From the beginning of modern cinema, images of African Americans have played a primary role in the cinematic imagination of the West. These negative images have promoted a demeaning and undignified image of African Americans as a general group. However, simultaneously film has enabled African Americans to covey their creativity and originality, despite some intentions of White people to confine Black humanity or use the African American race as a scapegoat.

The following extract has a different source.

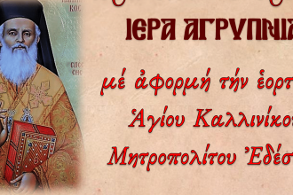 Ιερά Αγρυπνία εορτής Αγ. Καλλινίκου Μητροπολίτου Εδέσσης στον Ι.Ν. Αγ. Γεωργίου Ξινού…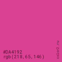 Цвет #DA4192 в цветовой модели RGB обозначается тремя октетами (218, 65, 146) в десятичном формате и #DA4192 в шестнадцатиричном (hex) формате, которые являются интенсивностью красного 218 (hex DA), интенсивность зелёного 65 (hex 41) и интенсивность синего 146 (hex 92).

The beginning of Black presence in American film, started with the concept of "blackface". Instead of hiring Black actors to play Black characters, White actors would paint their faces black and accentuate their lips by covering them with bright red lipstick. Their outer appearance reflected White society's curiosity around Blackness. The concept of Blackness was initially used to ridicule African Americans, showing an imagined White superiority to Black people, but over time society became attracted to the controversial concept. Consequently, blackface became a popular fad in American culture.

==Poster art==
In the 1890s a new form of visual representation was introduced to American and international audiences. The high literacy rate at the beginning of the twentieth century caused the creation of advertising for newly animated films. The first forms of advertising were vividly colored crates or switchboards used to promote an upcoming film. Seen as a way to preview a story with visual highlights, these advertisements enticed viewers and attracted audiences to movie theatres. This concept created the modern day movie poster. The invention of the movie poster itself is attributed to a Frenchman named Jules Chéret. He applied a printing process called stone lithography for the creation of his poster. As film technology progressed, there became a need for more movie posters, and it became a standardized process used to promote every new movie. The General Film Company standardized the size of a film poster at 27 x 41, allowing the poster to fit within the glass casing outside theatres. This was called the "one sheet" poster. These posters included texts and images supplied by the movie production company. A constant dispute among associates in the production company was whether to showcase star actors on their movie posters. The producer's objective was to sell their product, the movie, through advertising. On the other hand, the stars demanded that these posters should be a reflection of them and their talents. Movie studios hired illustrators to produce posters that were artistic and inventive, constantly trying to find ways to appeal to the biggest audience. During the pre-television era of the 1950s, poster art became the typical medium for movie advertising, consisting of the desirable image of a movie star alongside text or other images explaining a part of the movie's story.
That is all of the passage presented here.